◆ WORK INSTRUCTIONS ◆
Take from the entries below the stretch from the line with "Pentru femei Rochie" through the line with "К концу 2008г.", and return it exactly, leaving the pictures out.

◆ DATASET CONTENT ◆

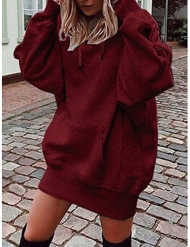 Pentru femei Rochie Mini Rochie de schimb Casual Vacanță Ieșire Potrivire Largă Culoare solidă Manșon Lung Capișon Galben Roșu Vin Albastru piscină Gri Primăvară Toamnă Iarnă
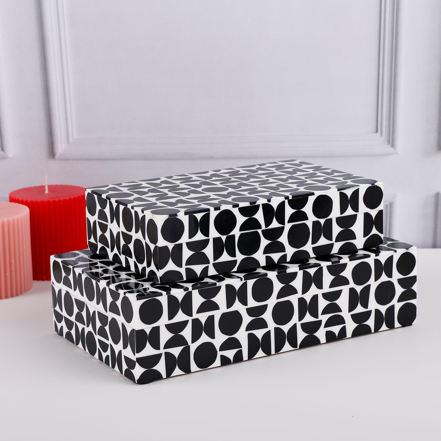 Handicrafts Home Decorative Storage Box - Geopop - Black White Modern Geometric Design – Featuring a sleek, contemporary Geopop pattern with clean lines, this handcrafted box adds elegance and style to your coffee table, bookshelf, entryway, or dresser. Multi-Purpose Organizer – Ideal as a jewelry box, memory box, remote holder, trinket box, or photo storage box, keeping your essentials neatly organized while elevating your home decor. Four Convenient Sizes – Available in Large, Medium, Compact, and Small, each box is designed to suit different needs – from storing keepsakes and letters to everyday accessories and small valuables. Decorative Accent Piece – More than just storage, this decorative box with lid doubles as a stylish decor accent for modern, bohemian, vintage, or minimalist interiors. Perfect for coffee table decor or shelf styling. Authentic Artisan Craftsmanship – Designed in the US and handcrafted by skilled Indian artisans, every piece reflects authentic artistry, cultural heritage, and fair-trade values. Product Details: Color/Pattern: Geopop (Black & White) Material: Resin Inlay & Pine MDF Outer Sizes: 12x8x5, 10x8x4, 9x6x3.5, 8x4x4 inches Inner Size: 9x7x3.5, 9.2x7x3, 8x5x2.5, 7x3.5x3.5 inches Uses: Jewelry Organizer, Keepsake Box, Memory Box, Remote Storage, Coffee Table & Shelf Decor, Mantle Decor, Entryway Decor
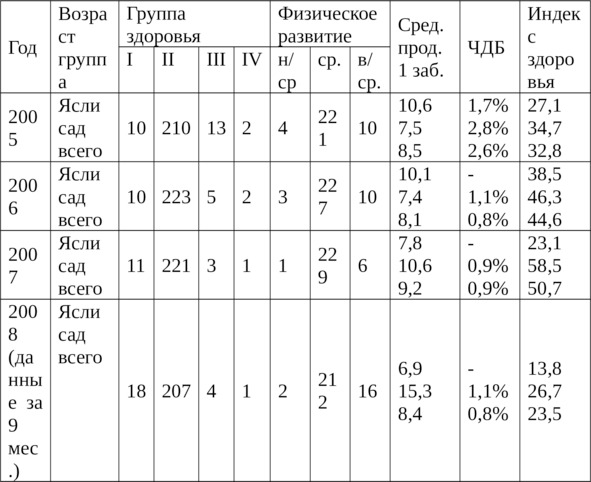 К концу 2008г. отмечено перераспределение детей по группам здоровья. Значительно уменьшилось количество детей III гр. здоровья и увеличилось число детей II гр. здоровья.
* * *
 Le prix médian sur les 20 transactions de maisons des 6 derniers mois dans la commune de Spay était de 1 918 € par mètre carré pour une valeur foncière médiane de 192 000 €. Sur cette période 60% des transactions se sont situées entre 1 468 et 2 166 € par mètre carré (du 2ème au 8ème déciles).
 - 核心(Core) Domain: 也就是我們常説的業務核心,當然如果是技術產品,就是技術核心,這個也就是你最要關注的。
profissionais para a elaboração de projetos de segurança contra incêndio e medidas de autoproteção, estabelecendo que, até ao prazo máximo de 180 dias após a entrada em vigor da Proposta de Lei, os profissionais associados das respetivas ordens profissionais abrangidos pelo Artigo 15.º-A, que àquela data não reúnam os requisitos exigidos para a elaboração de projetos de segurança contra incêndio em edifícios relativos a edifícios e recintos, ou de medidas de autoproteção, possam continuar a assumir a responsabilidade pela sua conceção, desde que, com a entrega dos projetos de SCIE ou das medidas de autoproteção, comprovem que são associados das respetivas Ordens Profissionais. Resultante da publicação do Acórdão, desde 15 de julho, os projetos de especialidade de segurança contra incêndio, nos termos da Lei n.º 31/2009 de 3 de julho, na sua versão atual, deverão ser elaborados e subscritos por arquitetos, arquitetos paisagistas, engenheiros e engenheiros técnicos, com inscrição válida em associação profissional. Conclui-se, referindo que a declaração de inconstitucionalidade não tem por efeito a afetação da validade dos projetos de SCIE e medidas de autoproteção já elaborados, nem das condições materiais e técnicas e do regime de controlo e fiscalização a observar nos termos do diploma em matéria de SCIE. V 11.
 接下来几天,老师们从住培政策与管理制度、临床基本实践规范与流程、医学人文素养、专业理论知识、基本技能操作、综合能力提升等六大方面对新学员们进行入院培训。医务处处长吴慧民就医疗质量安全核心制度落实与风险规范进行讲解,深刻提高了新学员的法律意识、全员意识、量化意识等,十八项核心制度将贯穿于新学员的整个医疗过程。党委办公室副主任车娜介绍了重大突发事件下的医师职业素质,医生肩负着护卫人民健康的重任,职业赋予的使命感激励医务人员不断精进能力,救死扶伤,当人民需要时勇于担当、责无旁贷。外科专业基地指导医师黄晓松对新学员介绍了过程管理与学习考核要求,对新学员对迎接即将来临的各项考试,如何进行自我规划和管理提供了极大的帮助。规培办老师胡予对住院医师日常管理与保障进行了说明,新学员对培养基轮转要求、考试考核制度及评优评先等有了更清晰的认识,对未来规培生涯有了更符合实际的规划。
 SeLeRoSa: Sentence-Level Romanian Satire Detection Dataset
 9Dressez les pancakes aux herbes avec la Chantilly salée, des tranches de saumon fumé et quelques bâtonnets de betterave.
==
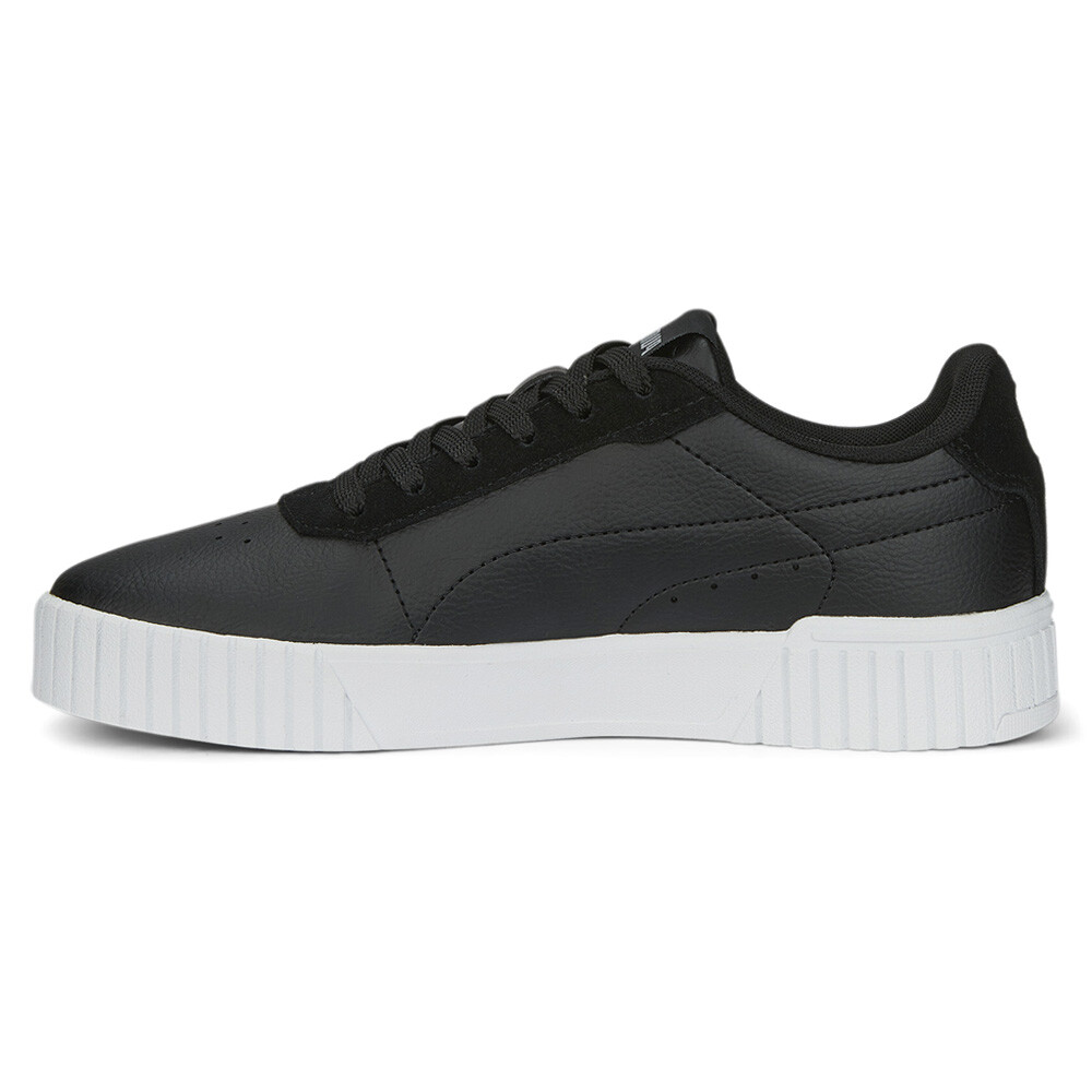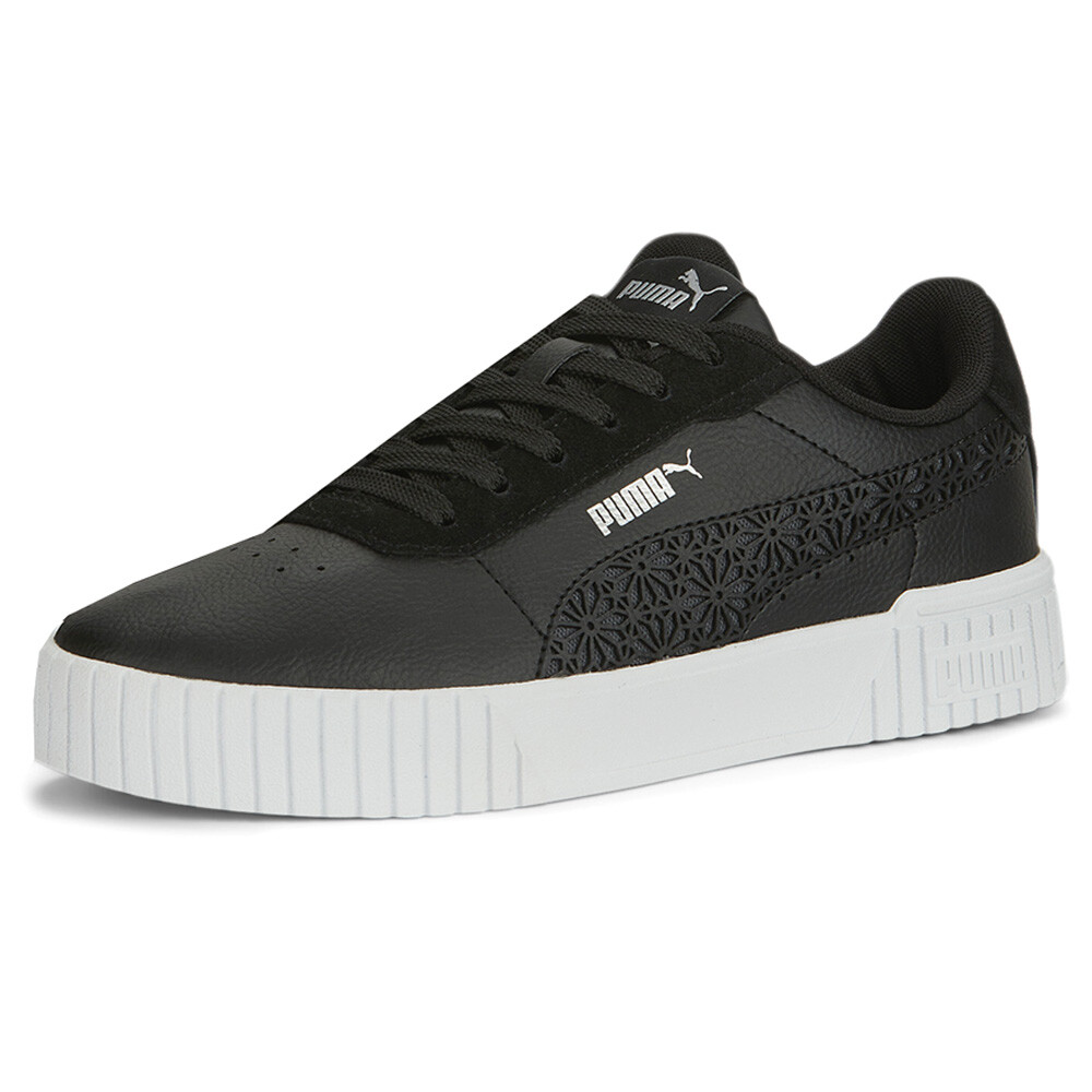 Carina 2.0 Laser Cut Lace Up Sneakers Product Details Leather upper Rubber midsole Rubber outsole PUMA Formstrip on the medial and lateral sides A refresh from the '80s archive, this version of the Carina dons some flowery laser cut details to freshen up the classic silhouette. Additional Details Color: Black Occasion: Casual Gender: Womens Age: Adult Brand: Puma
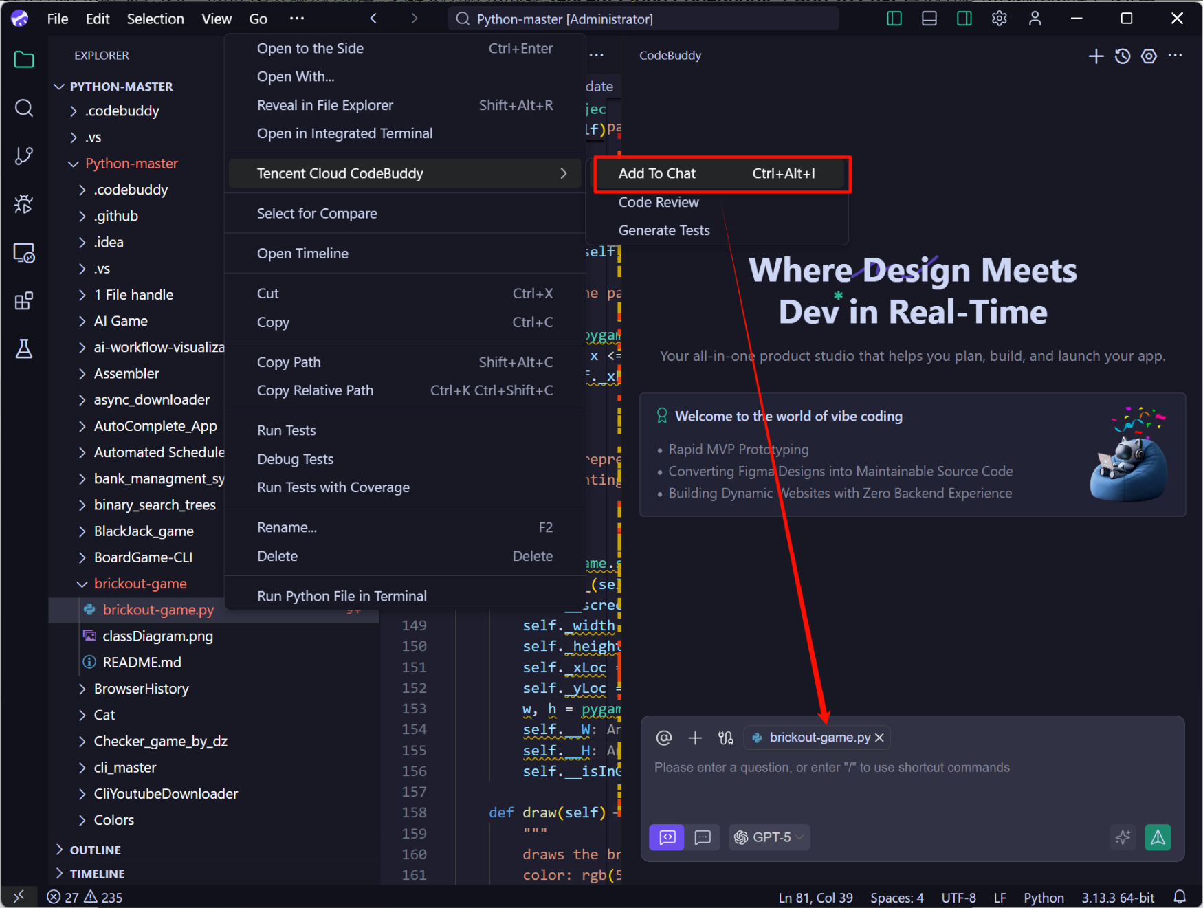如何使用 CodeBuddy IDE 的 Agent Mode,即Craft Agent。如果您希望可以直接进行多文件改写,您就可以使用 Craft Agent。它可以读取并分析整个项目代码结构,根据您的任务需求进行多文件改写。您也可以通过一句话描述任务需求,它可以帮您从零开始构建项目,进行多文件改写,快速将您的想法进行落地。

◆ TASK RESULT ◆
 Pentru femei Rochie Mini Rochie de schimb Casual Vacanță Ieșire Potrivire Largă Culoare solidă Manșon Lung Capișon Galben Roșu Vin Albastru piscină Gri Primăvară Toamnă Iarnă
 Handicrafts Home Decorative Storage Box - Geopop - Black White Modern Geometric Design – Featuring a sleek, contemporary Geopop pattern with clean lines, this handcrafted box adds elegance and style to your coffee table, bookshelf, entryway, or dresser. Multi-Purpose Organizer – Ideal as a jewelry box, memory box, remote holder, trinket box, or photo storage box, keeping your essentials neatly organized while elevating your home decor. Four Convenient Sizes – Available in Large, Medium, Compact, and Small, each box is designed to suit different needs – from storing keepsakes and letters to everyday accessories and small valuables. Decorative Accent Piece – More than just storage, this decorative box with lid doubles as a stylish decor accent for modern, bohemian, vintage, or minimalist interiors. Perfect for coffee table decor or shelf styling. Authentic Artisan Craftsmanship – Designed in the US and handcrafted by skilled Indian artisans, every piece reflects authentic artistry, cultural heritage, and fair-trade values. Product Details: Color/Pattern: Geopop (Black & White) Material: Resin Inlay & Pine MDF Outer Sizes: 12x8x5, 10x8x4, 9x6x3.5, 8x4x4 inches Inner Size: 9x7x3.5, 9.2x7x3, 8x5x2.5, 7x3.5x3.5 inches Uses: Jewelry Organizer, Keepsake Box, Memory Box, Remote Storage, Coffee Table & Shelf Decor, Mantle Decor, Entryway Decor
 К концу 2008г. отмечено перераспределение детей по группам здоровья. Значительно уменьшилось количество детей III гр. здоровья и увеличилось число детей II гр. здоровья.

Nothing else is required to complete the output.